**GOAL OF THE EXERCISE:**
Reproduce the data in full, exactly as given, leaving images out.

**AVAILABLE DATA:**
+===+

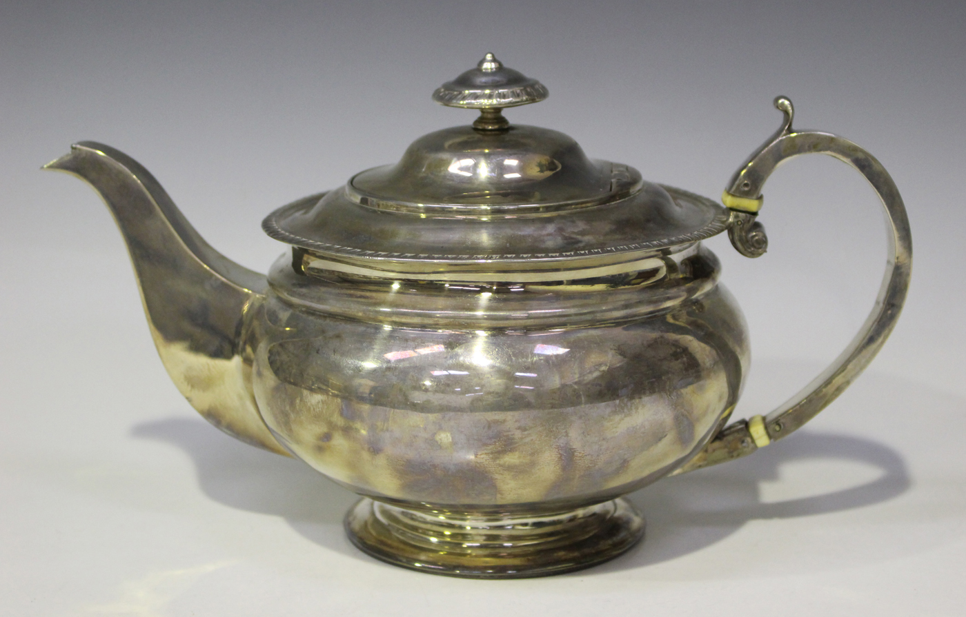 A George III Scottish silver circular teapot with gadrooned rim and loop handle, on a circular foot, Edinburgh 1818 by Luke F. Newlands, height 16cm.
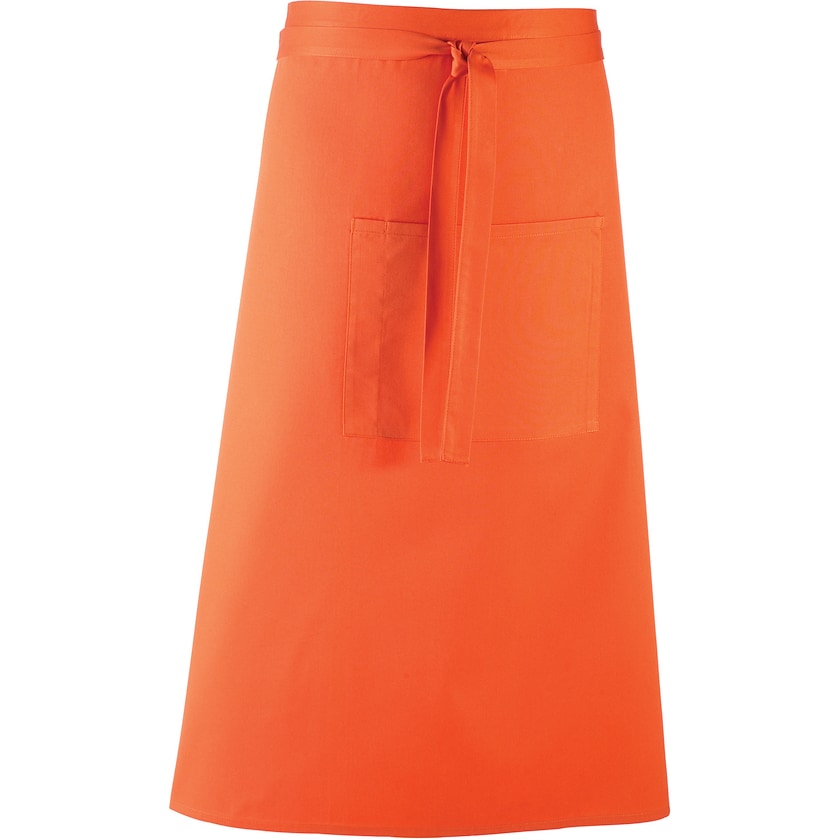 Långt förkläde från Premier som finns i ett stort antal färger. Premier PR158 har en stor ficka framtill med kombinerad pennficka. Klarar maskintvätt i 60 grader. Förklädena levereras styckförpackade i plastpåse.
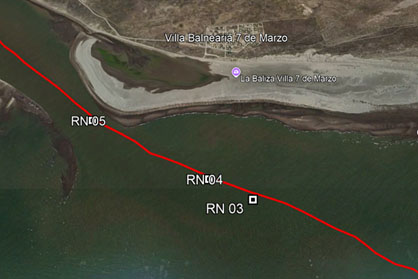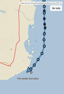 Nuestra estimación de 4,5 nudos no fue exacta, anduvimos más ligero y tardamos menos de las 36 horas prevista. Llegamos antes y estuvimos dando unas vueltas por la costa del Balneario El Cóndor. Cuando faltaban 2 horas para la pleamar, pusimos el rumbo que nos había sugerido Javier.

+===+

**TASK SOLUTION:**
 A George III Scottish silver circular teapot with gadrooned rim and loop handle, on a circular foot, Edinburgh 1818 by Luke F. Newlands, height 16cm.
 Långt förkläde från Premier som finns i ett stort antal färger. Premier PR158 har en stor ficka framtill med kombinerad pennficka. Klarar maskintvätt i 60 grader. Förklädena levereras styckförpackade i plastpåse.
 Nuestra estimación de 4,5 nudos no fue exacta, anduvimos más ligero y tardamos menos de las 36 horas prevista. Llegamos antes y estuvimos dando unas vueltas por la costa del Balneario El Cóndor. Cuando faltaban 2 horas para la pleamar, pusimos el rumbo que nos había sugerido Javier.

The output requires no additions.